Court Opinion

ID: 5483530
Source: CourtListenerOpinion
Date Created: 2022-01-10 02:02:47.809289+00
Date Added: 2024-06-11T08:33:39.212897
License: Public Domain

Desmond, J.
(dissenting). From so much of this decision as holds the county’s tax title void, I must dissent. I think such a holding misconstrues the Suffolk County Tax Act (§ 53, as added by L. 1929, ch. 152), casts doubt upon the similar Statewide statutes (Tax Law, §§ 131, 132) and is in conflict with numerous controlling New York decisions. The facts are these: plaintiff paid all the taxes assessed against it on its large acreage, but part of that land was (by what now turns out to have been an error) assessed to others also, who filed a subdivision map of that part but failed to pay the taxes assessed for 1936-37 against some of the sublots.
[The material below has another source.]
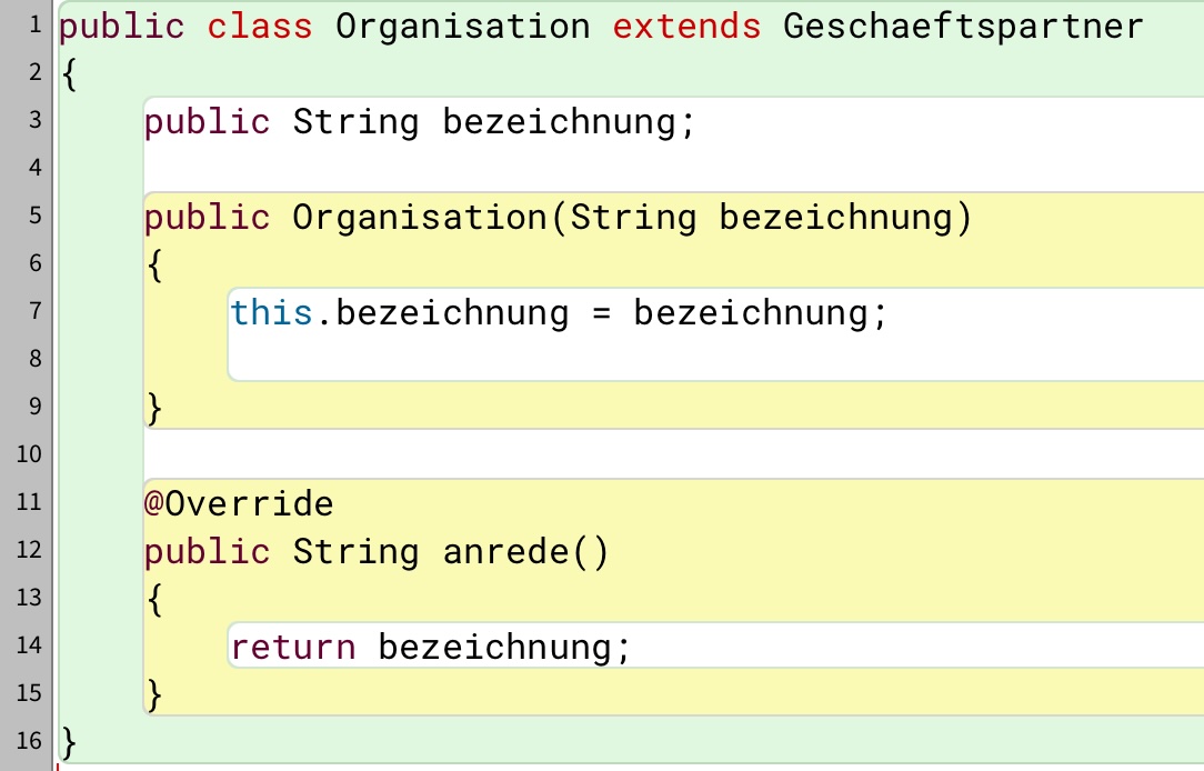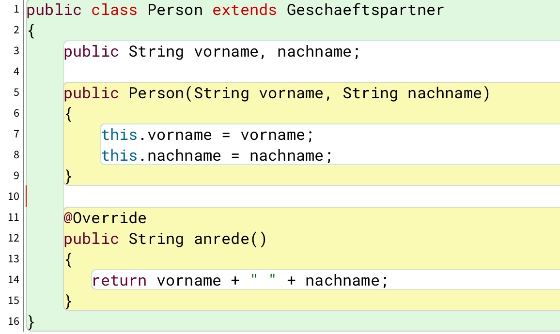 Die Annotation @Override zeigt uns, dass die Methode anrede() bereits als abstrakte Methode in der Oberklasse Geschaeftspartner existiert und von allen Unterklassen implementiert werden muss.

Those erroneously assessed, and duplicating, unpaid taxes were sold to the county which, more than six years before this suit was started, took and recorded tax deeds, of the lots. It is undisputed: first, that this was a “ double assessment” situation, and, second, that the erroneous (or “ void ”, if you will) additional taxes were never paid. But, as we shall see, the law of New York is plain and clear that the passage of the time fixed by an appropriate Statute of Limitations, such as is applicable here and which creates a conclusive presumption of validity (contra the actual fact of nonvalidity) puts such a tax title beyond dispute (Mongaup Valley Co. v. Orange Rod & Gun Club, 253 App. Div. 465, affd. 280 N. Y. 582; Doud v. Boenig, 114 Misc. 148, affd. 198 App. Div. 1007; Doud v. Huntington Hebrew Congregation, 178 App. Div. 748, cited with approval in Dunkum v. Maceck Bldg. Corp., 256 N. Y. 275, 285, and Helterline v. People, 295 N. Y. 245, 251; and see Case v. Loomis Talc Corp., 265 App. Div. 296).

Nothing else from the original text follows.